Was it possible Bobbie Jo had delivered the child herself in order to get rid of it? Good cops had to put themselves into every possible situation—getting to know both victim and perpetrator—to turn up leads when there were none to follow. It was a fact that sometimes young women delivered babies at home and disposed of the infants’ bodies to cover up an unwanted pregnancy. Espey didn’t know this family personally; he only knew what his twenty years of law enforcement experience had taught him: never assume anything.
As Bobbie Jo’s body was being whisked away to the hospital, Espey and his deputies checked the entire house for bloodstains, trying to understand what had happened at the Stinnett home. “Go out and check all the garbage cans,” said Espey.
In the end, they found nothing. But then, as it appeared they would have little to go on, a name that would later become synonymous with the murder of Bobbie Jo Stinnett surfaced.
Darlene Fischer
.
*
Before Becky Harper was taken away from the scene, Espey said later, she told him Bobbie Jo had “talked to someone named Darlene Fischer about coming over to the house to look at one of the dogs.”

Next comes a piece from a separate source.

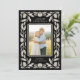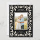 Envie na moda, belos cartões de natal para sua família e amigos com este Cartões de foto de Natal elegante e popular. Ele apresenta um quadro floral desenhado manualmente em marfim sobre um fundo preto puro, assim como um design interior escalpado, moldando sua foto. A parte traseira contém mais três modelos de fotos, bem como mais modelos de texto para personalização adicional.

With that, Espey started calling teams of investigators in to help. His first objective was to find the baby, he said. Now at least they had a name to check out.
The Buchanan County (Missouri) Crime Scene Investigation (CSI) Unit was called in to go through the house and see what it could find. Part of its job would include logging on to Bobbie’s computer and seeing what the machine yielded in the form of leads.
“You got to think of everything,” said Espey, “because you don’t know
anything
.”
With the crime scene filling up with law enforcement, Espey did his best to lead the investigation. While cops did their jobs working in and around the house, Espey walked next door, to “the neighbor to the west,” and started asking questions.
“A red car,” the neighbor said. “There was a red car there…. It had a big H on the hood.”
When they met up with Zeb and Bobbie Jo’s neighbor Chris Law some time later, “he confirmed there was a red car there in Bobbie Jo’s driveway,” Espey said. But it was the neighbor next door who broke the “red car” lead, not Law.
Espey and his team had the following tips: a “red car” with an
H
on the hood, a “Darlene Fischer” name of unknown origin, and a premature newborn “hopefully still alive.” Considering it was so early in the investigation—an hour hadn’t even passed yet—Espey had quite a few leads.
Espey realized the first thing he had to do was find Bobbie Jo’s missing child. No one knew what the child’s kidnapper had in mind after cutting the baby from the mother’s womb. For Espey, it felt personal. His daughter had just given birth to his second grandchild the week before. He knew what it was like to hold a newborn in his hands. He knew how special a time it should be for Becky Harper and Zeb Stinnett. With Bobbie Jo gone, finding the baby would be the only real victory he could give back to the family.
“I needed to find that baby,” he said. “It was
very
personal to me—and, no matter who got in my way, I wasn’t going to stop until I did.”